A Year of Music, a Year of Genocide, a Year of Cancelations

My year in review.

I'm inclined not to dwell on the sordid subject, but it's the end of December, when it appears that everybody is writing a Year in Review of one sort or another, and when I think of my year in review, on a personal/career level, at least, what stands out in particular are cancelations, restrictions, and deletions, both IRL and online.

It was also a year of many other things, to be sure.

It was a full year of watching a genocide in real time, committed by Israelis and livestreamed by their Palestinian targets. 

It was another year of spending most of my time at home, taking children to school, hanging out at the park with them afterwards, and all sorts of lovely domestic stuff, in between consuming news of the apocalypse and writing and recording songs and podcasts about it.

It was a year that involved a bunch of different tours in different parts of the world, as has long been a common feature of life for me -- Kamala and I did a little bit of touring in the US and Canada, and a lot more touring in Britain, Australia, and Scandinavia.

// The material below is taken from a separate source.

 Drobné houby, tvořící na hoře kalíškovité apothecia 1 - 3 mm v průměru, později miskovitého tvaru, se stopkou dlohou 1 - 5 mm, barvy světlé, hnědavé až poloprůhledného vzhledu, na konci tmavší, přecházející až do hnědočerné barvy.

It was also another year when certain people try to get my gigs canceled, and this is unfortunately not new.  What has changed markedly over the past year, however, are the scale of these efforts, and how broadly they've expanded.

In what will probably and appropriately be the last song I write this year, "Canceled," I go through a laundry list of obstacles that have been thrown in my way in 2024.

But for whoever's interested in a longer version of the song, I'll render here a little exploration of some of the highlights of the year from the vantage point of my work, and what may seem like the surprisingly intense efforts to suppress it, given my very limited reach.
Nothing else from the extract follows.